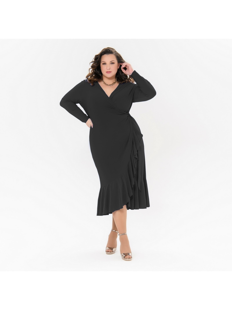 • Название: Платье с воланом из трикотажа - "масло", черное
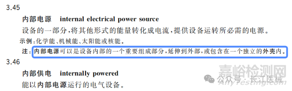 在GB 9706.1-2020中6.2對電擊防護(hù)中,將所有ME設(shè)備(醫(yī)用電氣設(shè)備)分為了Ⅰ類ME設(shè)備,Ⅱ類ME設(shè)備和內(nèi)部電源ME設(shè)備。下圖為標(biāo)準(zhǔn)中對內(nèi)部電源和內(nèi)部供電的術(shù)語解釋。其中注意藍(lán)色方框中的注解,也就是說對于電池/電源不在設(shè)備內(nèi)部的設(shè)備,也可以叫做內(nèi)部電源設(shè)備。
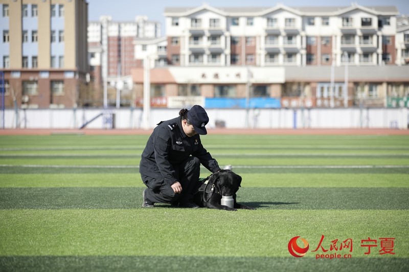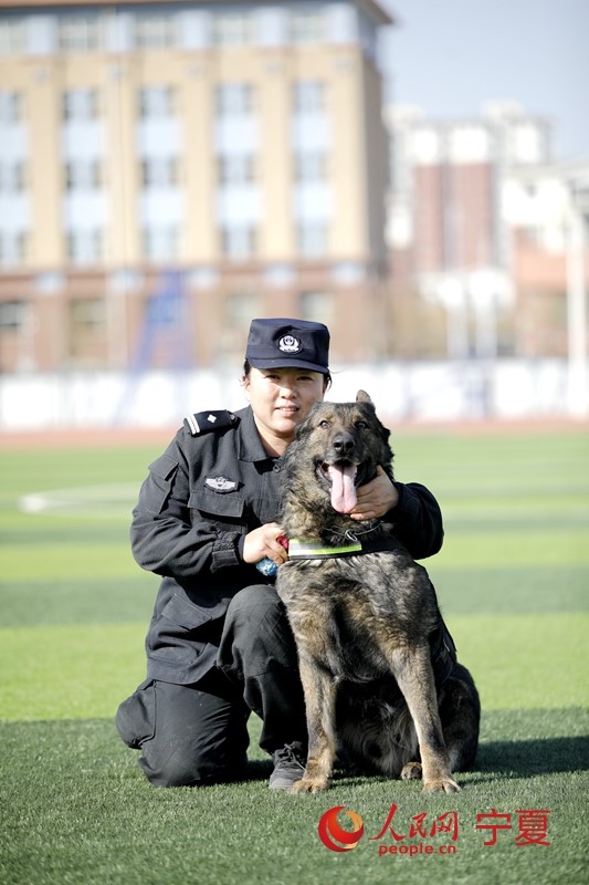 Photo shows Gao Wei, a policewoman with the public security bureau of Yinchuan city, northwest China's Ningxia Hui Autonomous Region, and her police dog. (People’s Daily Online/Yan Mengjie)
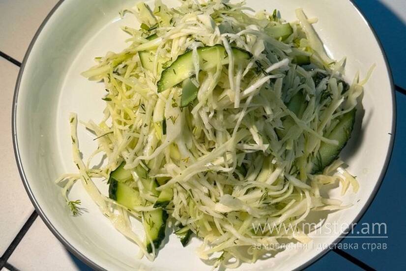 Капуста білокачанна, свіжий огірок, зелень укропа, сіль, цукор, яблучний оцет, олія.
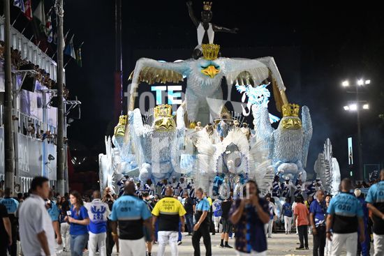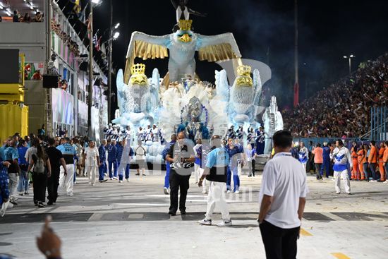 2887579 Portela desfila na noite de hoje, 15 de fevereiro de 2026, na Marquês de Sapucaí, pela Série Especial do Carnaval do Rio, com o enredo?O mistério do príncipe do Bará ? a oração do Negrinho e a ressurreição de sua coroa sob o céu aberto do Rio Grande?Carro alegórico entra com atraso na avenida.
::::
▸ Task directions: Restate word for word the lines of the data above that begin at the line with "Photo shows Gao" and end at the line with "Капуста білокачанна, свіжий", keeping both ends and dropping every picture.

▸ Finished task:
 Photo shows Gao Wei, a policewoman with the public security bureau of Yinchuan city, northwest China's Ningxia Hui Autonomous Region, and her police dog. (People’s Daily Online/Yan Mengjie)
 Капуста білокачанна, свіжий огірок, зелень укропа, сіль, цукор, яблучний оцет, олія.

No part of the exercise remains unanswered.